THE INPUT: Begin

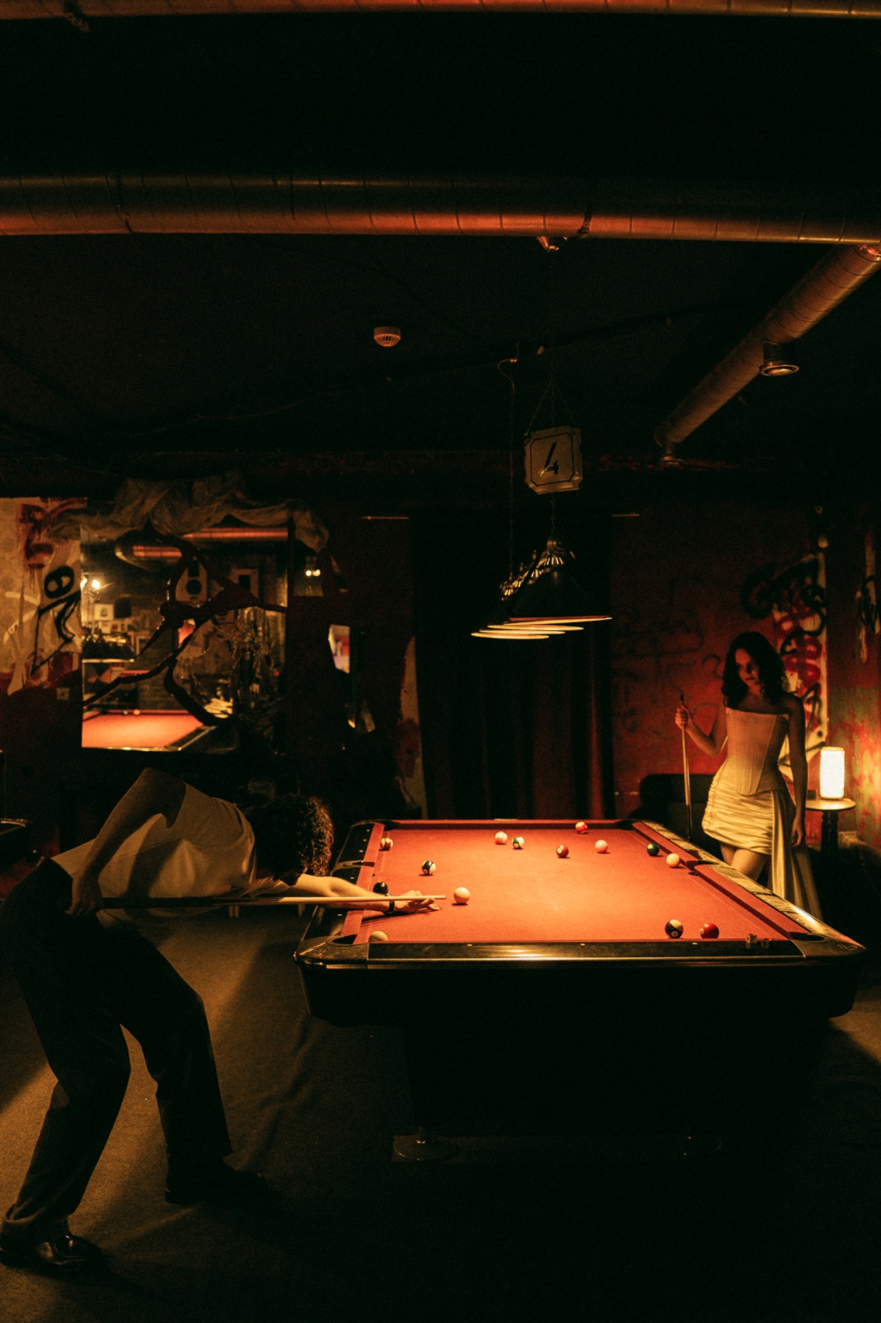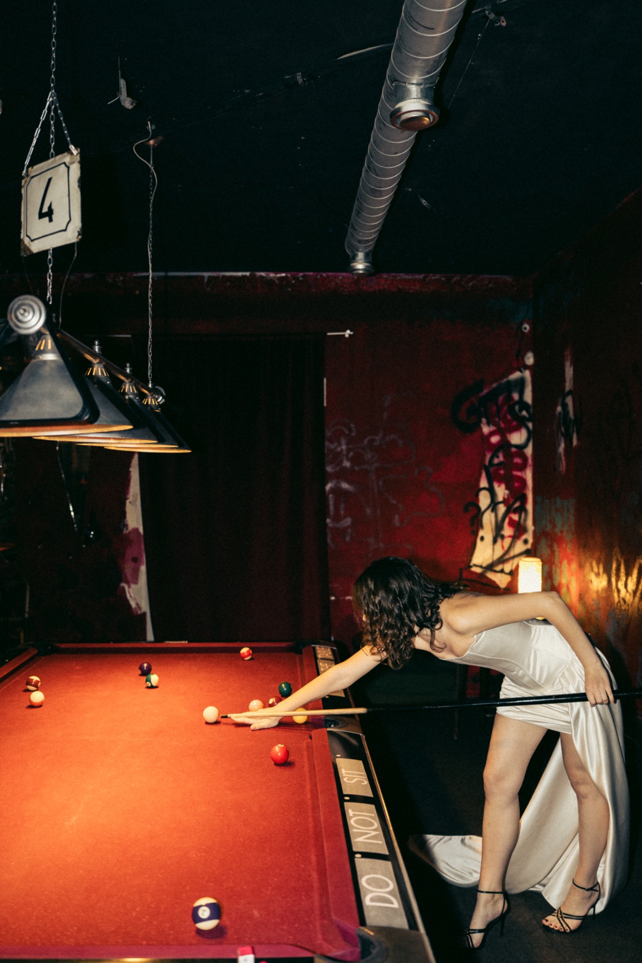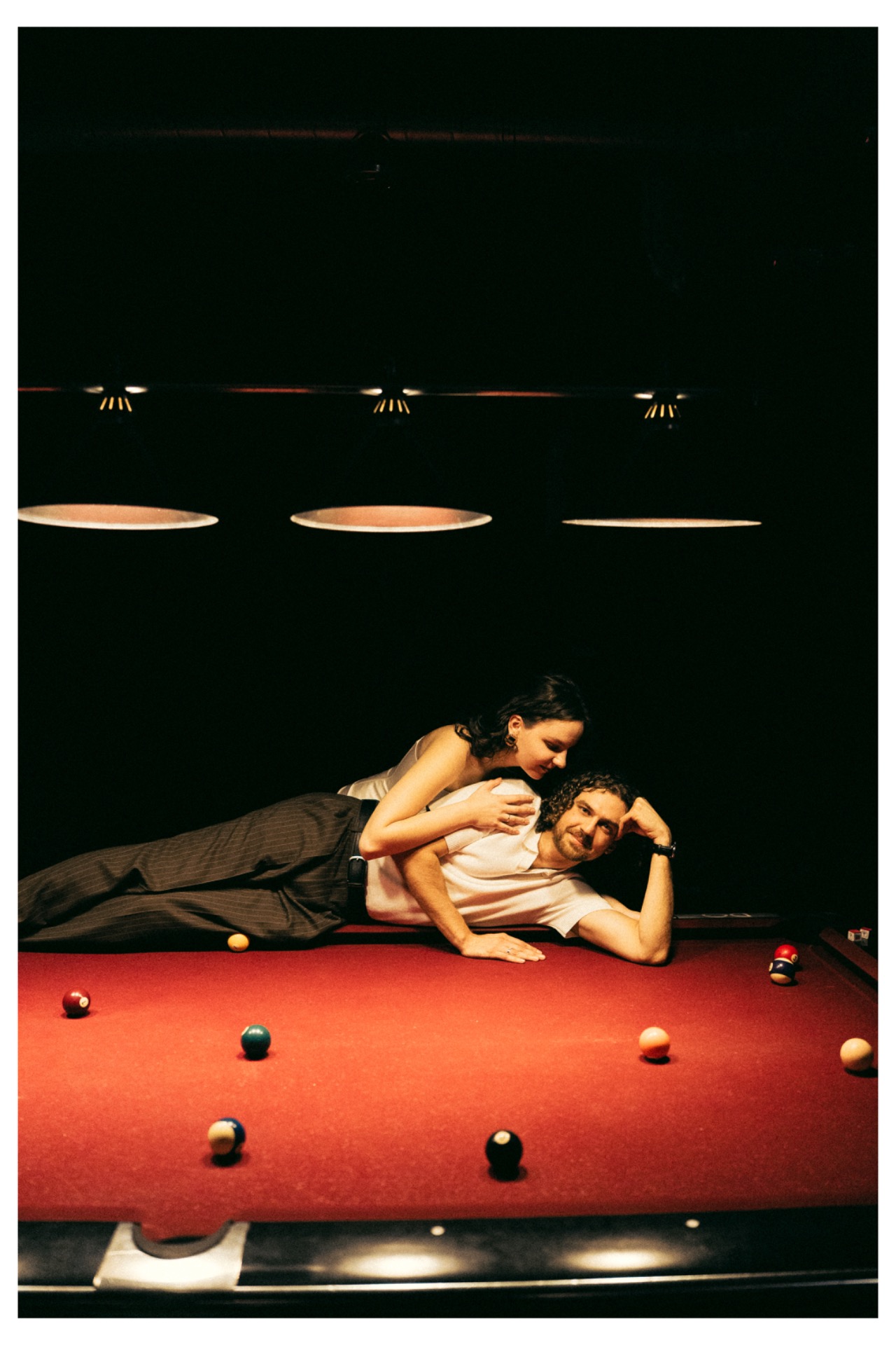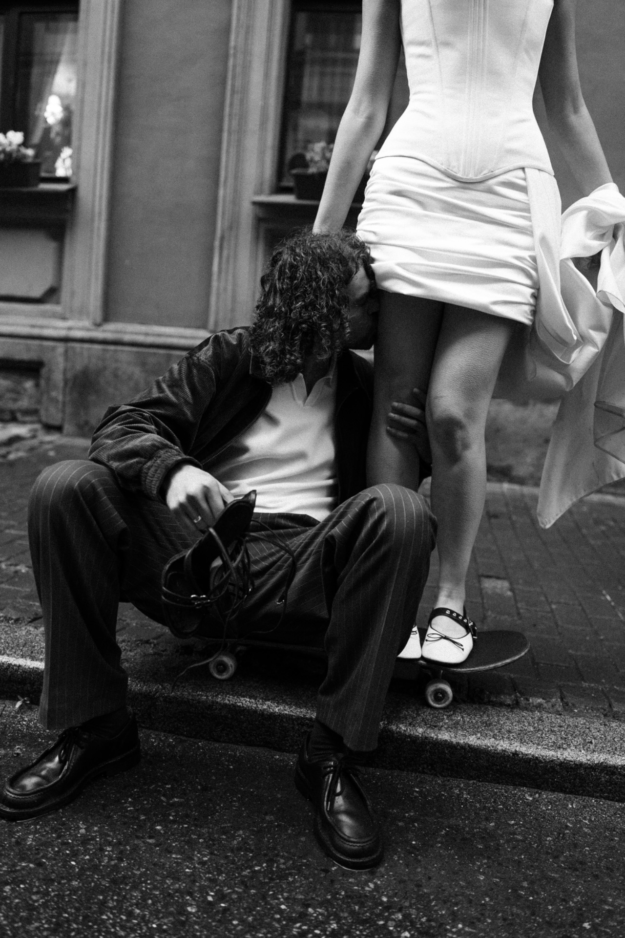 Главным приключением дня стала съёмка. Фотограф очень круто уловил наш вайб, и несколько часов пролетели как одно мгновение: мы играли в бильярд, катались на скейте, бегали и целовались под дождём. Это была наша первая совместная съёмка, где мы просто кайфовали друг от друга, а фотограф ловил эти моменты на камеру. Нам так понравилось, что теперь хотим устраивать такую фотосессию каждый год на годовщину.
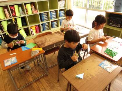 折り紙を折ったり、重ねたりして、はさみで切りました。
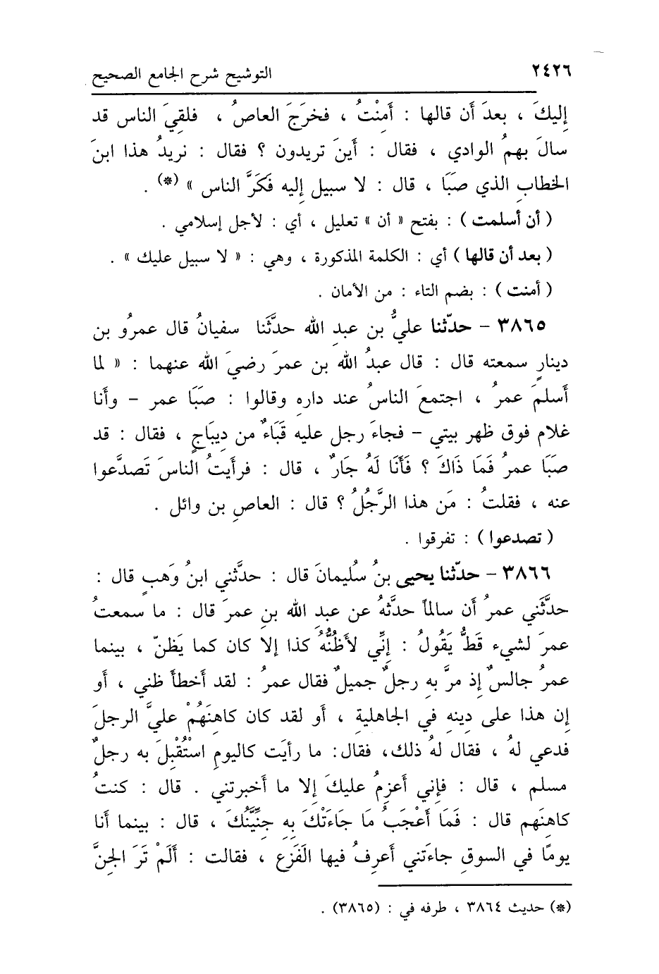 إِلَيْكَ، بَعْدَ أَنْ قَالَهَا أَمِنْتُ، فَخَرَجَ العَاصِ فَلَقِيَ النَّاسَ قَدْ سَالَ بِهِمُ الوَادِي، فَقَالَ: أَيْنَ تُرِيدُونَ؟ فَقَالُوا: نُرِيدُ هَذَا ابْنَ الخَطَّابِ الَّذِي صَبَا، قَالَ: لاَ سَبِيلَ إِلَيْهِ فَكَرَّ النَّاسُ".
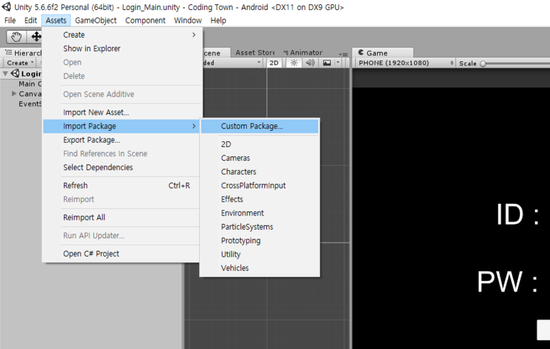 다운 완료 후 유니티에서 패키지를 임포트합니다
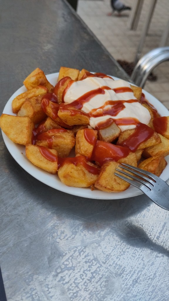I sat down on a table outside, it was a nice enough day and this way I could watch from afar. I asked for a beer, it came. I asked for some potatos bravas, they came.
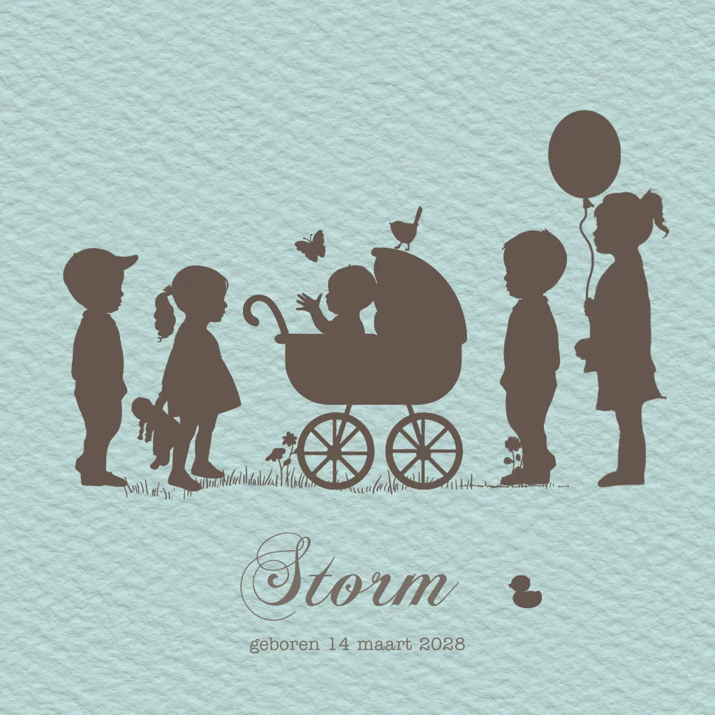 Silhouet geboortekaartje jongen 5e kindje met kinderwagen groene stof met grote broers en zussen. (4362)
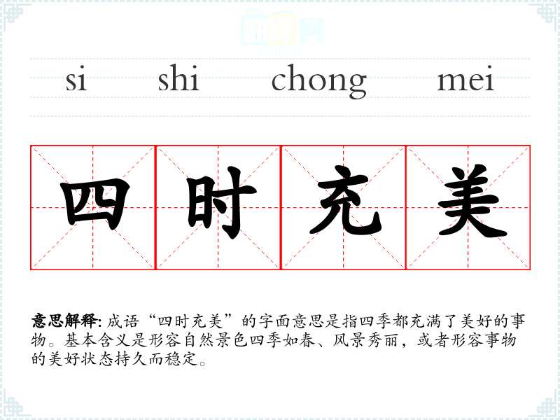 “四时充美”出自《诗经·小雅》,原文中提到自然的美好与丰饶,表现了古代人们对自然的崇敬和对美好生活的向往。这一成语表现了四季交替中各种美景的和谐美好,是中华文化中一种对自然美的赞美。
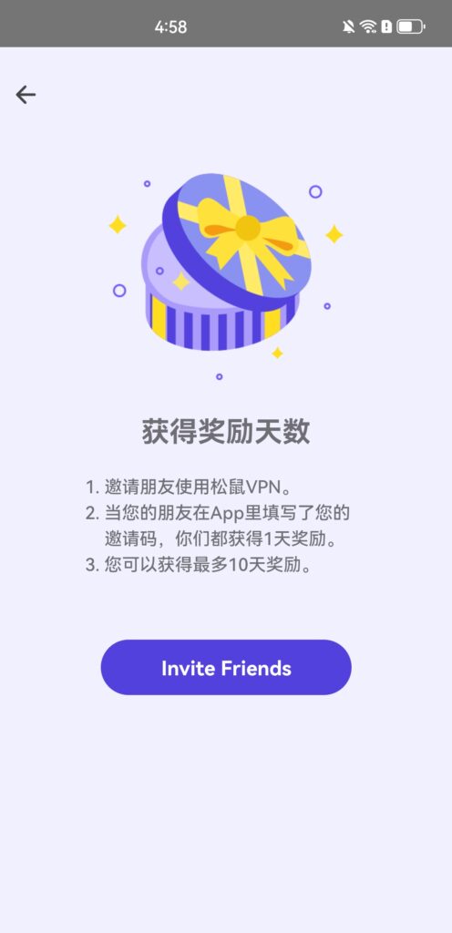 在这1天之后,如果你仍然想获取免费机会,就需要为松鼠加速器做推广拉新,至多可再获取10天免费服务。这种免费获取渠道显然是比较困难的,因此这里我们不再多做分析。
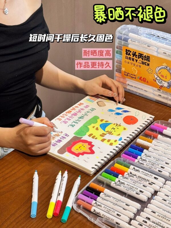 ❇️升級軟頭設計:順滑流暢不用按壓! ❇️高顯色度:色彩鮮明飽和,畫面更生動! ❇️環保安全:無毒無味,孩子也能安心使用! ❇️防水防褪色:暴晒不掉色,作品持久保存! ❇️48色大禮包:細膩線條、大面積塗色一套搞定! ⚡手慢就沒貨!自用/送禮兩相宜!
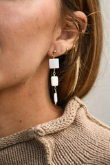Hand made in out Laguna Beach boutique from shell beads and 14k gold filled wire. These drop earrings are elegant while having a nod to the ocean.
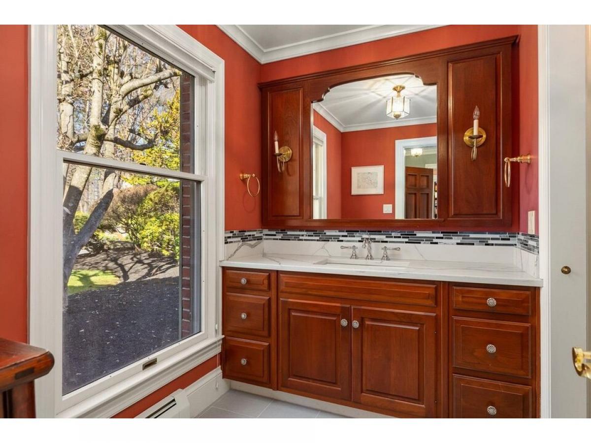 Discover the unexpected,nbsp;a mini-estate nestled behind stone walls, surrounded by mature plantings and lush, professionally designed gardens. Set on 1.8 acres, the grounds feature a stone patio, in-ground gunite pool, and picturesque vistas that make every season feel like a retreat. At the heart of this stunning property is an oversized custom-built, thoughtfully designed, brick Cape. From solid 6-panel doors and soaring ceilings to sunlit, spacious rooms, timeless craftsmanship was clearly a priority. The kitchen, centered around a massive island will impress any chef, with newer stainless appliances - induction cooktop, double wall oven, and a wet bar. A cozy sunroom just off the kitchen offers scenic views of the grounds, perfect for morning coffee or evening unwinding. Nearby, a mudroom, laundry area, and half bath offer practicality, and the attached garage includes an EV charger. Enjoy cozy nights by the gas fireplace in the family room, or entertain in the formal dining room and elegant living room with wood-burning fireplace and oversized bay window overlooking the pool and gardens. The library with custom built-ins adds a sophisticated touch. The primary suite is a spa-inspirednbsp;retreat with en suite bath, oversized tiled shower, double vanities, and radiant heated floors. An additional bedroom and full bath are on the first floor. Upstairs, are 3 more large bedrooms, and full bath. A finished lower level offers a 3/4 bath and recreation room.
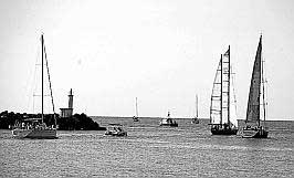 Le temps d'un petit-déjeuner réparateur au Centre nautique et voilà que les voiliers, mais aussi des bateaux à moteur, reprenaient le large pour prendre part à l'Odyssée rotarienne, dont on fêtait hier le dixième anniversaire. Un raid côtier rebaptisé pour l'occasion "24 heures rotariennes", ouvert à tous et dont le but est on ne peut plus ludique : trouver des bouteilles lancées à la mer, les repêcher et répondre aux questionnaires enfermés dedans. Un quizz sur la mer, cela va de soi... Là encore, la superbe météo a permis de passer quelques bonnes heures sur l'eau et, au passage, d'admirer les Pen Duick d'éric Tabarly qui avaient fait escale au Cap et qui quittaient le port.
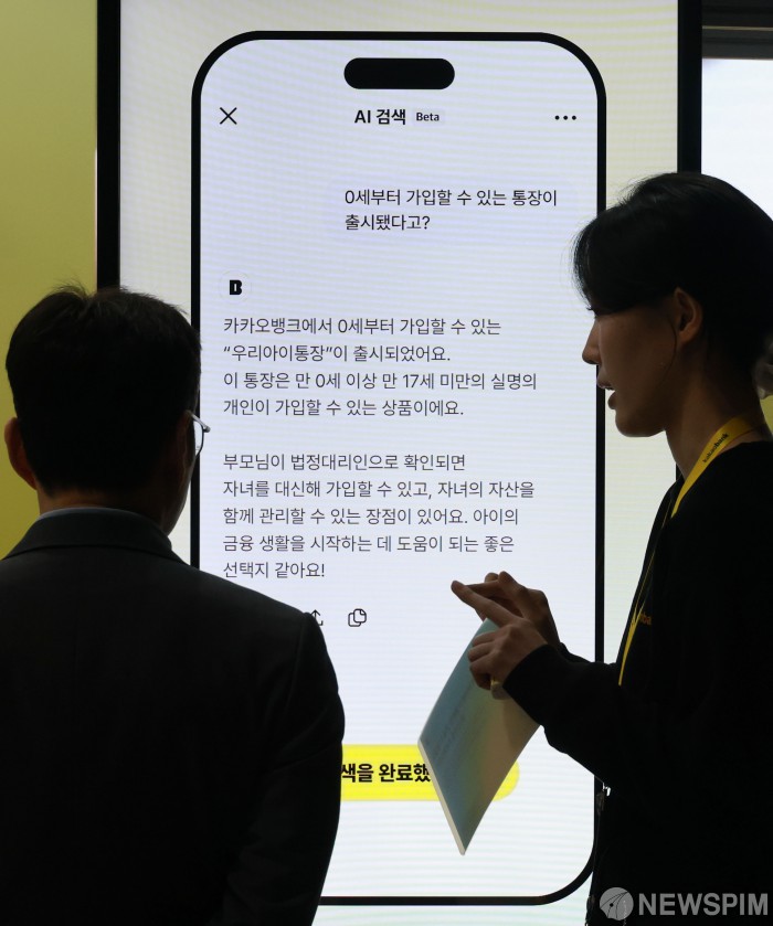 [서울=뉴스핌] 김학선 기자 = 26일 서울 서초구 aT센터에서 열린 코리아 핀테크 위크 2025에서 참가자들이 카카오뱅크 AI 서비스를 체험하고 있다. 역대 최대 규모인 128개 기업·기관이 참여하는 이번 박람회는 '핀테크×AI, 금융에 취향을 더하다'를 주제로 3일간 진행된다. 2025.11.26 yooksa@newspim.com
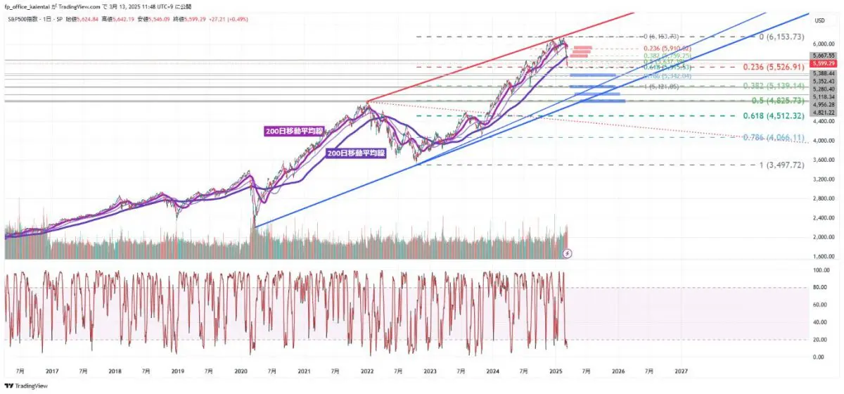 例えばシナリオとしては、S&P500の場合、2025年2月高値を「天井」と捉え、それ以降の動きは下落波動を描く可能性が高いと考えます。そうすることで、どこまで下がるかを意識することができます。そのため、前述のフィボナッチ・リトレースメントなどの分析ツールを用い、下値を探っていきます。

THE INPUT: End

WHAT YOU ARE ASKED TO DO
With the pictures excluded, the records are to be reproduced exactly.

YOUR SOLUTION
 Главным приключением дня стала съёмка. Фотограф очень круто уловил наш вайб, и несколько часов пролетели как одно мгновение: мы играли в бильярд, катались на скейте, бегали и целовались под дождём. Это была наша первая совместная съёмка, где мы просто кайфовали друг от друга, а фотограф ловил эти моменты на камеру. Нам так понравилось, что теперь хотим устраивать такую фотосессию каждый год на годовщину.
 折り紙を折ったり、重ねたりして、はさみで切りました。
 إِلَيْكَ، بَعْدَ أَنْ قَالَهَا أَمِنْتُ، فَخَرَجَ العَاصِ فَلَقِيَ النَّاسَ قَدْ سَالَ بِهِمُ الوَادِي، فَقَالَ: أَيْنَ تُرِيدُونَ؟ فَقَالُوا: نُرِيدُ هَذَا ابْنَ الخَطَّابِ الَّذِي صَبَا، قَالَ: لاَ سَبِيلَ إِلَيْهِ فَكَرَّ النَّاسُ".
 다운 완료 후 유니티에서 패키지를 임포트합니다
I sat down on a table outside, it was a nice enough day and this way I could watch from afar. I asked for a beer, it came. I asked for some potatos bravas, they came.
 Silhouet geboortekaartje jongen 5e kindje met kinderwagen groene stof met grote broers en zussen. (4362)
 “四时充美”出自《诗经·小雅》,原文中提到自然的美好与丰饶,表现了古代人们对自然的崇敬和对美好生活的向往。这一成语表现了四季交替中各种美景的和谐美好,是中华文化中一种对自然美的赞美。
 在这1天之后,如果你仍然想获取免费机会,就需要为松鼠加速器做推广拉新,至多可再获取10天免费服务。这种免费获取渠道显然是比较困难的,因此这里我们不再多做分析。
 ❇️升級軟頭設計:順滑流暢不用按壓! ❇️高顯色度:色彩鮮明飽和,畫面更生動! ❇️環保安全:無毒無味,孩子也能安心使用! ❇️防水防褪色:暴晒不掉色,作品持久保存! ❇️48色大禮包:細膩線條、大面積塗色一套搞定! ⚡手慢就沒貨!自用/送禮兩相宜!
Hand made in out Laguna Beach boutique from shell beads and 14k gold filled wire. These drop earrings are elegant while having a nod to the ocean.
 Discover the unexpected,nbsp;a mini-estate nestled behind stone walls, surrounded by mature plantings and lush, professionally designed gardens. Set on 1.8 acres, the grounds feature a stone patio, in-ground gunite pool, and picturesque vistas that make every season feel like a retreat. At the heart of this stunning property is an oversized custom-built, thoughtfully designed, brick Cape. From solid 6-panel doors and soaring ceilings to sunlit, spacious rooms, timeless craftsmanship was clearly a priority. The kitchen, centered around a massive island will impress any chef, with newer stainless appliances - induction cooktop, double wall oven, and a wet bar. A cozy sunroom just off the kitchen offers scenic views of the grounds, perfect for morning coffee or evening unwinding. Nearby, a mudroom, laundry area, and half bath offer practicality, and the attached garage includes an EV charger. Enjoy cozy nights by the gas fireplace in the family room, or entertain in the formal dining room and elegant living room with wood-burning fireplace and oversized bay window overlooking the pool and gardens. The library with custom built-ins adds a sophisticated touch. The primary suite is a spa-inspirednbsp;retreat with en suite bath, oversized tiled shower, double vanities, and radiant heated floors. An additional bedroom and full bath are on the first floor. Upstairs, are 3 more large bedrooms, and full bath. A finished lower level offers a 3/4 bath and recreation room.
 Le temps d'un petit-déjeuner réparateur au Centre nautique et voilà que les voiliers, mais aussi des bateaux à moteur, reprenaient le large pour prendre part à l'Odyssée rotarienne, dont on fêtait hier le dixième anniversaire. Un raid côtier rebaptisé pour l'occasion "24 heures rotariennes", ouvert à tous et dont le but est on ne peut plus ludique : trouver des bouteilles lancées à la mer, les repêcher et répondre aux questionnaires enfermés dedans. Un quizz sur la mer, cela va de soi... Là encore, la superbe météo a permis de passer quelques bonnes heures sur l'eau et, au passage, d'admirer les Pen Duick d'éric Tabarly qui avaient fait escale au Cap et qui quittaient le port.
 [서울=뉴스핌] 김학선 기자 = 26일 서울 서초구 aT센터에서 열린 코리아 핀테크 위크 2025에서 참가자들이 카카오뱅크 AI 서비스를 체험하고 있다. 역대 최대 규모인 128개 기업·기관이 참여하는 이번 박람회는 '핀테크×AI, 금융에 취향을 더하다'를 주제로 3일간 진행된다. 2025.11.26 yooksa@newspim.com
 例えばシナリオとしては、S&P500の場合、2025年2月高値を「天井」と捉え、それ以降の動きは下落波動を描く可能性が高いと考えます。そうすることで、どこまで下がるかを意識することができます。そのため、前述のフィボナッチ・リトレースメントなどの分析ツールを用い、下値を探っていきます。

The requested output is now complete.